When I read that apologetics shouldn’t be a part of any sacramental preparation, I am flabbergasted - that sounds so out-of-touch as to be dangerous.
What is so dangerous about this? I really believe you fail to understand what sacramental prep is. We need to teach them the basic as well as what it means to have a relationship with Jesus, what it means to live a Christian life, how to live a Christian life. Most of all we need to give them opportunities to encounter Jesus, the love, the mercy, the beauty of living a life for God. We need to touch not only their minds, but their hearts and souls. We have to teach them how to FEEL what it is like to decide on their own to follow Jesus.

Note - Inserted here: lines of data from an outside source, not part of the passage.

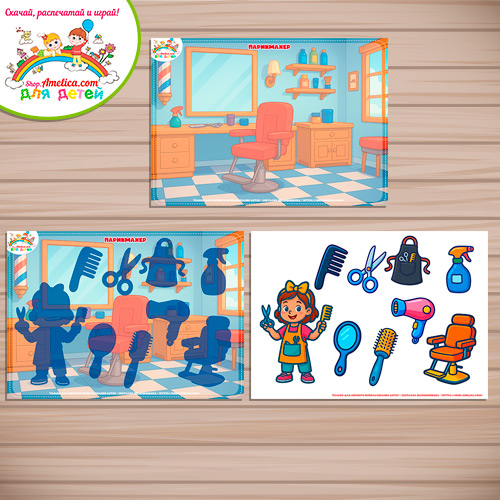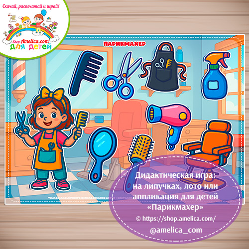 Дидактическая игра: на липучках, лото или аппликация для детей «Парикмахер» скачать для детей
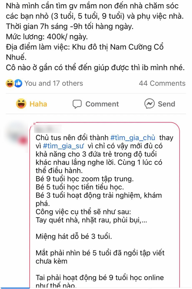 Phụ huynh này viết: “Nhà mình cần tìm giáo viên mầm non đến nhà chăm sóc các bạn nhỏ (3 tuổi, 5 tuổi, 9 tuổi) và phụ việc nhà. Thời gian từ 7h sáng đến 9h tối hàng ngày, mức lương 400.000 đồng/ngày”.
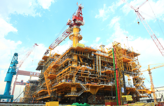 현대중공업이 제작한 3만톤 규모의 대형 해양 플랫폼이 위용을 드러냈다.
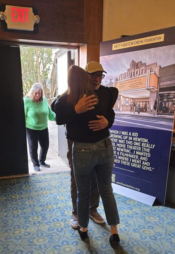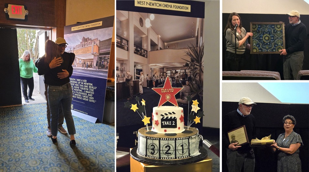 After the ravages of the pandemic forced Bramante to sell the theater, locals had kicked off a campaign to save the 85-year-old neighborhood gem from the wrecking ball. They succeeded, and in August 2024 the West Newton Cinema officially became the property of the nonprofit WNCF. At Saturday’s surprise party, WNCF Board President Elizabeth Heilig said, “We wouldn’t be here today if David hadn’t had the vision for a non-profit to take over, and we thank him for his commitment to keeping the theater open while WNCF raised the funds to purchase it.”
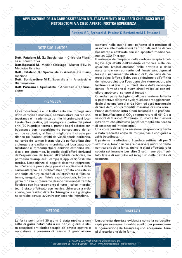 Authors: Dr. Patalano M. G.: Specialist in Plastic and Recon-structive Surgery Dr. Boccacci M.: Surgeon –Master Degree in Aesthetic Medicine Dr. Patalano G.: Specialist in Anaesthesiology Dr. Bombardiere M.T.: Specialist in Anaesthesiology Dr. Patalano I.: Specialist in Anaesthesiology
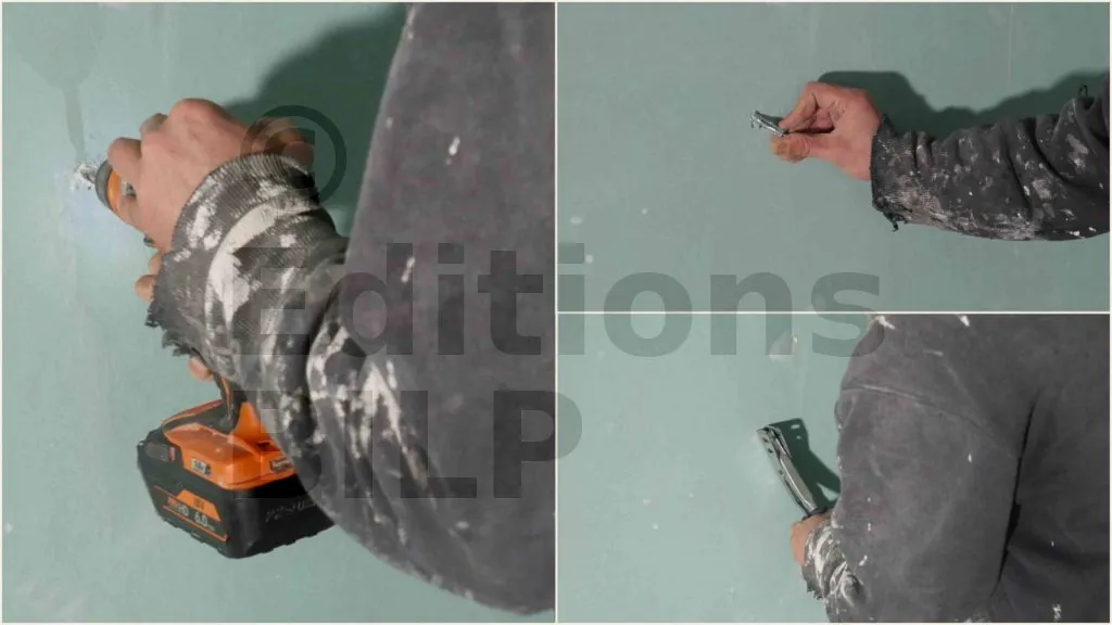 Les vis sont largement utilisées pour leur capacité à offrir une grande force de serrage et une excellente résistance à l’arrachement. Les vis à bois autotaraudeuses sont recommandées, particulièrement celles avec une tête large pour une meilleure répartition de la charge sur le bois.
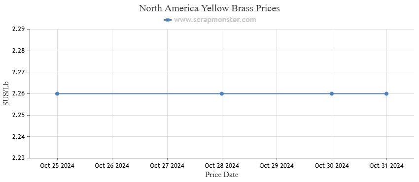 When compared to the previous week, Red Brass's prices showed no change. Additionally, Yellow Brass prices were unchanged from the previous week at $2.26 a pound.
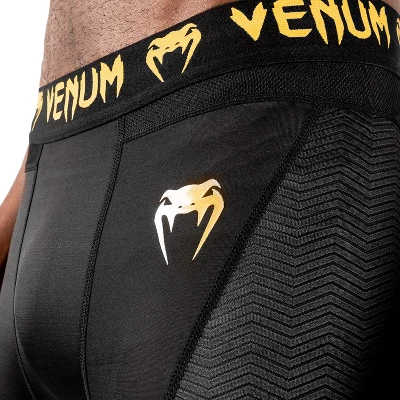 The Venum G-Fit Compression Spats provide optimal muscle compression during your cross training, fitness, or combat sports sessions. They are designed to prevent mat burns during ground fighting and can also be worn under jogging pants to assist with body-heat management. By maintaining moderate muscular compression, optimal blood circulation throughout the leg is achieved and can help speed up recovery. The G-Fit “second skin” feel was created with lightness and ventilation in mind. These spats are made from of a mixture of traditional fabrics and mesh, embellished with a glossy Venum logo. Features: 87% polyester, 13% elastane. Soft and durable fabric. Improves blood circulation to stressed muscles. Decreases recovery time. Wide elastic waistband.
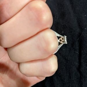 Comes with original box and the tag plate explaining it's make (don't have that on me right now) 9 real diamonds (I believe 1/2 karat) on top and 9 going down each side. Metal is platinaire which has very good life. Size 7.5 original size, has never been altered/resized. May have original receipt as well but I think it is wornout, original price was $2500 on sale. I've had it a few years. Cleaned regularly and only worn on occasion because it was too big for me.

Once youth have a solid foundation of the above then go for it with the only intellectual exercise of apologetics.
 
That’s my point, though. My son DID fall under Diocesan guidelines- he was going into 10th grade. The parish decided to start Confirmation catechesis at 11th grade. Diocesan guidelines say “10th or 11th grade”. It’s the parish that’s not budging; not the diocese or the Bishop.
 
Ah, Horton, so we do fundamentally disagree about what’s best. You simply fail to see that, for the vast majority of young people, there are profound barriers to precisely the things you are talking about. They have latent or explicit doubts that prevent them from seeking such things.You say that your experience is different, and that’s fine, but my experience is different, and the statistics that even you acknowledge tell of a dire situation in the aggregate.

Let’s take “having a relationship with” or “encountering” Jesus. This, first of all, is exactly the kind of Protestanty “God-talk” for which young people have acquired a distaste - it does not do justice to Catholic belief and practice (you won’t find this kind of language in the Bible, the Fathers, the Saints, or in Church documents), and it puts off young males, in particular, because of its saccharine and effeminate language. More importantly, it does them no good to insist upon an “encounter” with a person about which they may doubt his identity or even existence. Not confronting these barriers with reason and continuing merrily on is foolish. You ask why I say its dangerous to teach faith without reason? Well, because that leads to a loss of faith and the scorn and scandal of unbelievers.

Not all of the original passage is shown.